The card (MikroTik Routers and Wireless - Products: R11e-5HacT) uses QCA9880 which is well supported with ath10k.
I have tried disabling the SMMU (verified that it is actually disabled, no smmu errors shown) but that didn’t seem to fix anything.
Also when it actually loads and doing a soft-reboot (sudo reboot) the cpu will get stuck and the watchdog will say there is a cpu stall for 22s.

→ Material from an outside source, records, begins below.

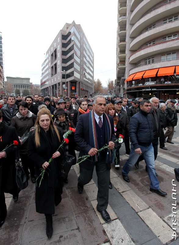 Այնուհետ նա զոհերի հիշատակին նվիրված երթն առաջնորդեց դեպի Մյասնիկյանի արձան, ուր ծնկի իջավ՝ ծաղիկներ դնելու եւ հարգելու զոհերի խաղաղ հիշատակը: Հիշատակման այս օրը Րաֆֆի Հովհաննիսյանն ավարտեց Սբ. Սարգիս եկեղեցում, որտեղ մասնակցեց հոգեհանգստյան արարողությանը:
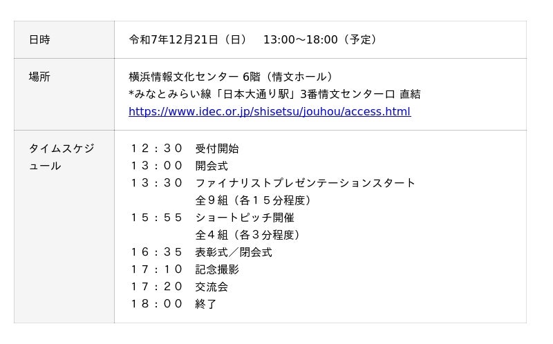 当日は一般観覧も可能です。ぜひ現地で、学生たちの熱いプレゼンテーションをご覧ください。
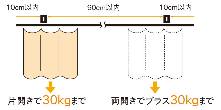 ブラケットとブラケットの間隔は90cm以内、端から1個目のブラケットまでの間隔は10cm以内にしてください。
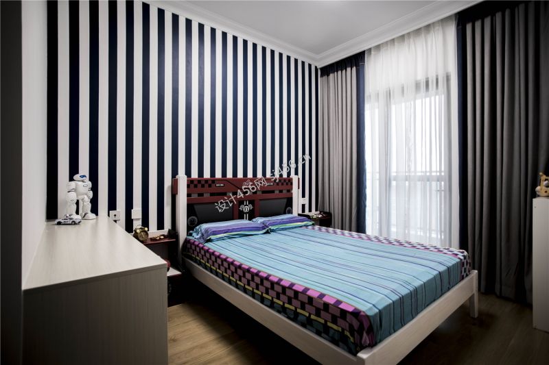 轻奢风格147平米四室两厅卧室窗帘装修效果图
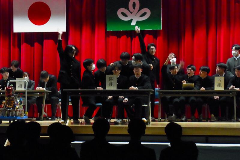 最後に生徒会執行部の企画で、3年生クラス対抗イントロクイズを行い熱戦の末、2組が優勝しました。生徒会企画が終わったと思ったら、最後の最後に卒業生にゆかりのあるサプライズゲストが登場し、卒業生にあたたかいメッセージを送っていただきました。

It seems to be similar to this:
https://devtalk.nvidia.com/default/topic/1032074/jetson-tx1/ath10k-driver-failing-with-wireless-pcie-card-on-tx1/
I think there is a general problem with PCIe drivers and the way the Jetson DMA/SMMU is configured.
Some information
Using latest firmware (firmware-5.bin_10.2.4-1.0-00047) from kvalo’s ath10k repo: https://github.com/kvalo/ath10k-firmware
Detected via lspci:
nvidia@jetson-0422018036879:~$ lspci -vvv
00:03.0 PCI bridge: NVIDIA Corporation Device 10e6 (rev a1) (prog-if 00 [Normal decode])
Control: I/O- Mem+ BusMaster+ SpecCycle- MemWINV- VGASnoop- ParErr- Stepping- SERR- FastB2B- DisINTx-
Status: Cap+ 66MHz- UDF- FastB2B- ParErr- DEVSEL=fast >TAbort- <TAbort- <MAbort- >SERR- <PERR- INTx-
Latency: 0
Interrupt: pin A routed to IRQ 388
Bus: primary=00, secondary=01, subordinate=01, sec-latency=0
I/O behind bridge: 0000f000-00000fff
Memory behind bridge: 50100000-503fffff
Prefetchable memory behind bridge: 00000000fff00000-00000000000fffff
Secondary status: 66MHz- FastB2B- ParErr- DEVSEL=fast >TAbort- <TAbort- <MAbort- <SERR- <PERR-
BridgeCtl: Parity- SERR- NoISA- VGA- MAbort- >Reset- FastB2B-
PriDiscTmr- SecDiscTmr- DiscTmrStat- DiscTmrSERREn-
Capabilities: <access denied>
Kernel driver in use: pcieport
01:00.0 Network controller: Qualcomm Atheros QCA986x/988x 802.11ac Wireless Network Adapter
Subsystem: Device 19b6:d03c
Control: I/O- Mem+ BusMaster+ SpecCycle- MemWINV- VGASnoop- ParErr- Stepping- SERR- FastB2B- DisINTx+
Status: Cap+ 66MHz- UDF- FastB2B- ParErr- DEVSEL=fast >TAbort- <TAbort- <MAbort- >SERR- <PERR- INTx-
Latency: 0
Interrupt: pin A routed to IRQ 450
Region 0: Memory at 50200000 (64-bit, non-prefetchable)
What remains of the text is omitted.